Exercise brief:
Print the lines of the entries below from the one with "It should not" through the final line, exactly as they appear. The pictures are not part of the copy.

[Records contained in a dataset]
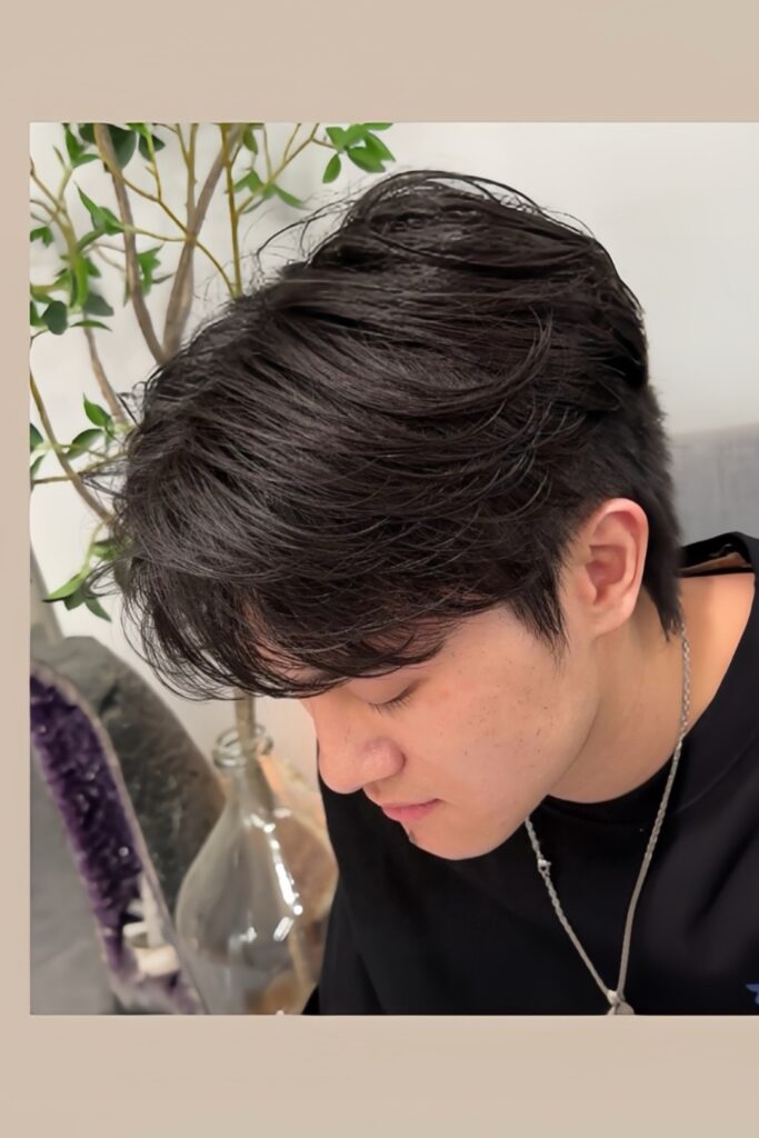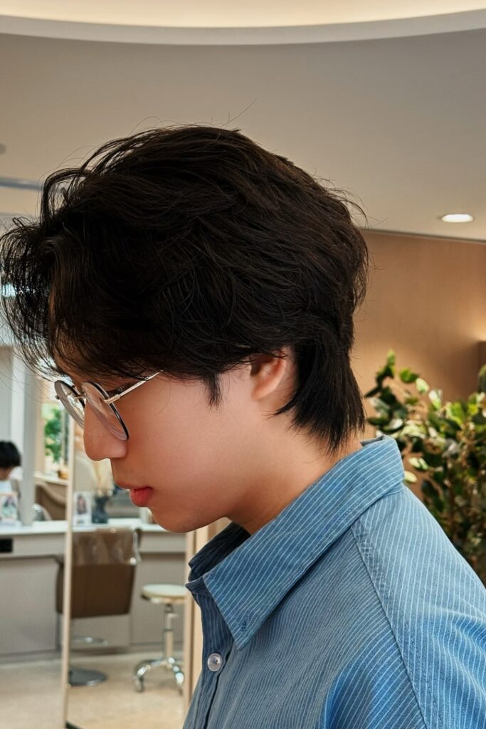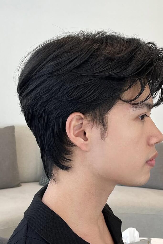 It’s a go-to for guys who desire the polished look of K-dramas without a lot of style. Ask for a two-block base with layers that are medium-length and a curved front fringe.
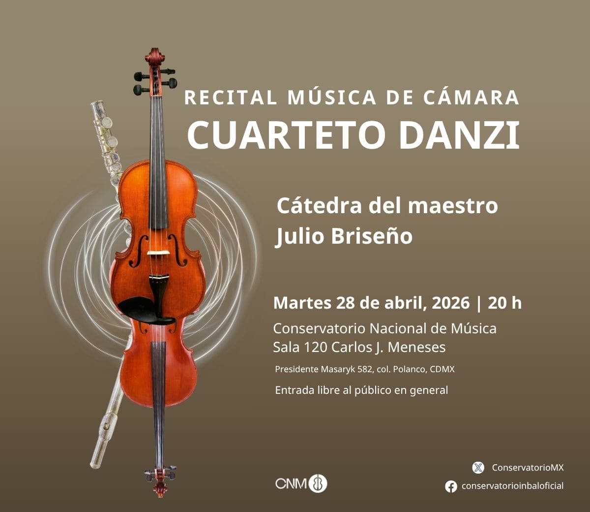 Actividad artística del Conservatorio Nacional de Música. Presenta al Cuarteto Danzi, perteneciente a la cátedra del maestro Julio Briseño, en un programa dedicado al repertorio de cámara que destaca el trabajo de ensamble, la precisión técnica y la cohesión interpretativa desarrollada por sus integrantes.
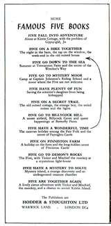 It should not go unnoticed however, that having provided detailed text on both flaps of DB dustwrappers to advertise other Famous Five titles, H and S continued to do this on new-style dustwrappers despite having dispensed with the full text rear panel. With sales promotion always a prime consideration this is hardly surprising.
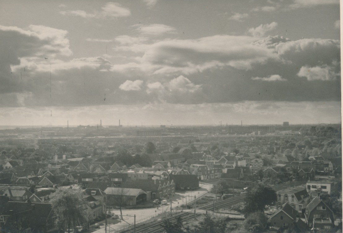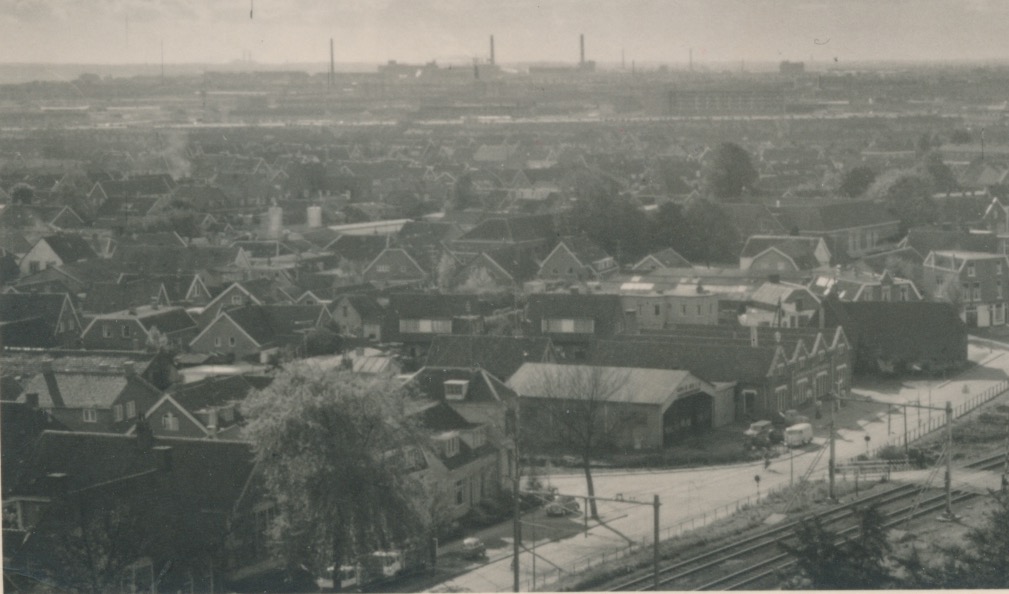 op de voorgrond een spoorbaan met overweg, links ervan een loods met opschrift
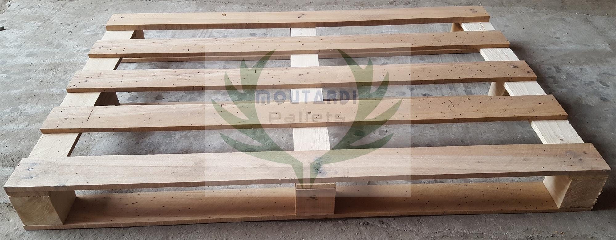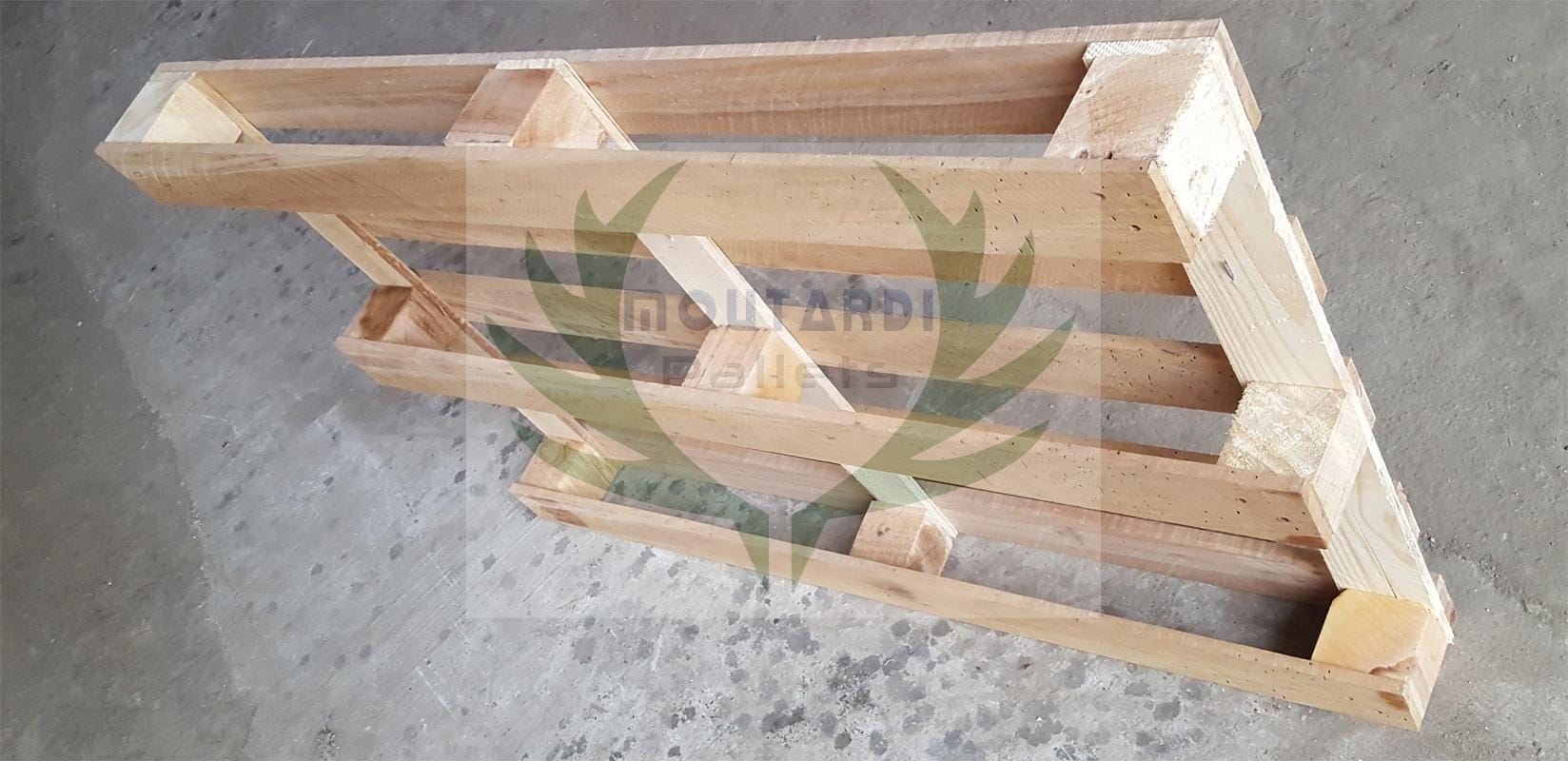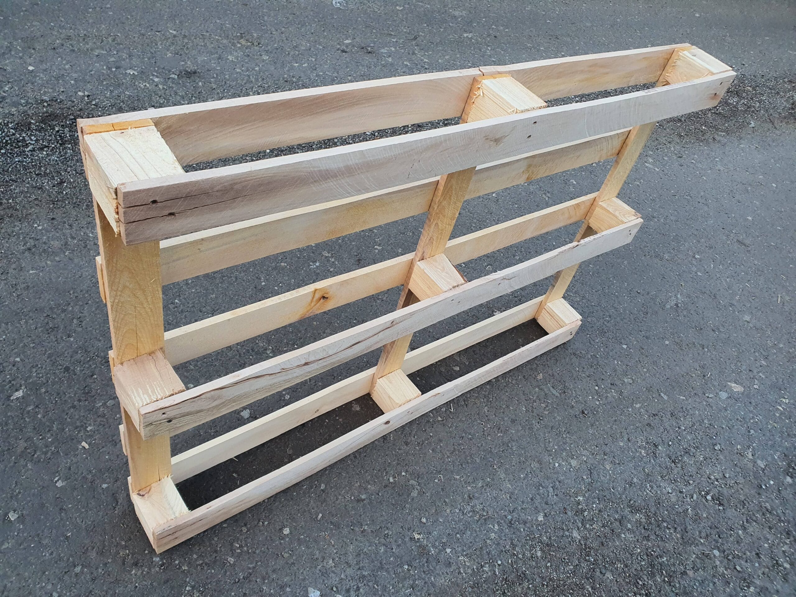 Quant à la largeur/épaisseur des planches, dans le cas des palettes à usage unique, la largeur est généralement de 50 à 80 mm. et épaisseur de 13 à 15 mm. Par exemple, si les palettes sont en bois dur (comme le hêtre, le chêne, le charme), utilisez une planche d’une largeur de 50 à 70 mm. et épaisseur de 13 mm. et s’ils sont produits à partir d’essences tendres (comme le sapin, le pin, l’épicéa, le peuplier, le tilleul, etc.), vous pouvez utiliser une planche de 70 à 80 mm de large et d’une épaisseur de 13-15 mm. Même si elles ne sont utilisées qu’une seule fois, ces palettes, partant de l’essence et de la qualité du bois, sont calibrées de la même manière que les autres palettes ou europalettes: selon les marchandises, le mode d’utilisation, la manutention, le stockage, le transport.

Reply to the exercise:
 It should not go unnoticed however, that having provided detailed text on both flaps of DB dustwrappers to advertise other Famous Five titles, H and S continued to do this on new-style dustwrappers despite having dispensed with the full text rear panel. With sales promotion always a prime consideration this is hardly surprising.
 op de voorgrond een spoorbaan met overweg, links ervan een loods met opschrift
 Quant à la largeur/épaisseur des planches, dans le cas des palettes à usage unique, la largeur est généralement de 50 à 80 mm. et épaisseur de 13 à 15 mm. Par exemple, si les palettes sont en bois dur (comme le hêtre, le chêne, le charme), utilisez une planche d’une largeur de 50 à 70 mm. et épaisseur de 13 mm. et s’ils sont produits à partir d’essences tendres (comme le sapin, le pin, l’épicéa, le peuplier, le tilleul, etc.), vous pouvez utiliser une planche de 70 à 80 mm de large et d’une épaisseur de 13-15 mm. Même si elles ne sont utilisées qu’une seule fois, ces palettes, partant de l’essence et de la qualité du bois, sont calibrées de la même manière que les autres palettes ou europalettes: selon les marchandises, le mode d’utilisation, la manutention, le stockage, le transport.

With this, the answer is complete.